(Reuters) – Blackstone Group LP(BX.N) has three commitments so far to the yuan-denominated fund it is raising in China, it said on Thursday.
Blackstone announced plans in August to launch a 5-billion-yuan ($732 million) fund to invest primarily in the city of Shanghai. The size of the fund is limited under Chinese law to that size, Blackstone has said.
“It is still early,” Blackstone’s Chief Operating Officer Tony James said on a conference call to discuss the firm’s earnings. “We have, I think, three commitments there now, and we’re still in the market,” he said, adding that he couldn’t predict its ultimate size.
Private equity firms have been increasing their reach in the country.

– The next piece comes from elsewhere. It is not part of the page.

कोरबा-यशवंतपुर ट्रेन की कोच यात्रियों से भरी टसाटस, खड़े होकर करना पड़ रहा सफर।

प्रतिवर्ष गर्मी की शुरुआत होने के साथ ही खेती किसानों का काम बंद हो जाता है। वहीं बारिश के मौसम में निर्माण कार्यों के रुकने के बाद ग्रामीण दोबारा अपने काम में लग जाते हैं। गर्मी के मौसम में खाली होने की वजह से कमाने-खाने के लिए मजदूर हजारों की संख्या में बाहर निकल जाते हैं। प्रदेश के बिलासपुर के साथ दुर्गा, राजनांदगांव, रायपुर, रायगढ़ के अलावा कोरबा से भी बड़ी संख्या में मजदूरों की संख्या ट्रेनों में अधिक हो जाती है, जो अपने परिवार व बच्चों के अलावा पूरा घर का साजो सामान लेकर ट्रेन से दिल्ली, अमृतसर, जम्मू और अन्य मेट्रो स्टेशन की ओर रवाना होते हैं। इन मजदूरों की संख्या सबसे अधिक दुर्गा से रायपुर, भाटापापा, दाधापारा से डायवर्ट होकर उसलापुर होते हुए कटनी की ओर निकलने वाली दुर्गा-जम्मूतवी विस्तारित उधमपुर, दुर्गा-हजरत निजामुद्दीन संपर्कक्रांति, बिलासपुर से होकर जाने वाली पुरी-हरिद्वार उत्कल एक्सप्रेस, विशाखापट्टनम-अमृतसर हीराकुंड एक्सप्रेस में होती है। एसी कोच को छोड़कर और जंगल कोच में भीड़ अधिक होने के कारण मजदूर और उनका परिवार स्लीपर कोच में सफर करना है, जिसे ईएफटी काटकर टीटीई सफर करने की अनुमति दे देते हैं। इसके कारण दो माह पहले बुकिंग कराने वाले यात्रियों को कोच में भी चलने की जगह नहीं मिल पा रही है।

Rival buyout firm Carlyle Group [CYL.UL] said earlier this week it will team up with China’s largest non-state-owned conglomerate, Fosun Group, to launch a $100 million yuan-denominated private equity fund, part of a global strategic alliance to share resources. [nTOE61N085]

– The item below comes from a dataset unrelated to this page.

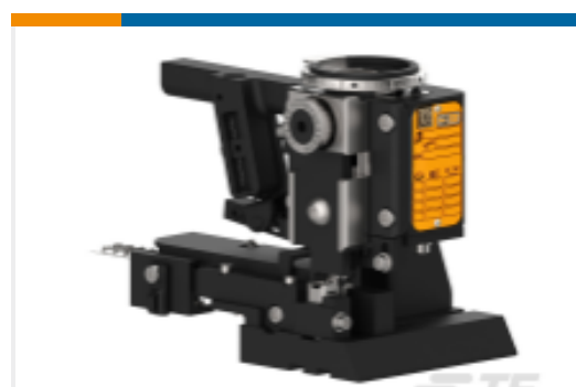
TE 产品编号2-2266543-1 OCEAN_2.0_APPLICATOR-S-062F114O

One investor for Blackstone’s RMB fund is a major local developer focusing on Shanghai’s Lujiazui financial district in Pudong, the would-be Wall Street in China, said a source briefed on Blackstone’s fund-raising plan in Shanghai. He declined to be identified as he was not authorized to speak to the media.
Shanghai city’s government agreed to finance at least 20 percent of Blackstone’s RMB fund capital, the source said.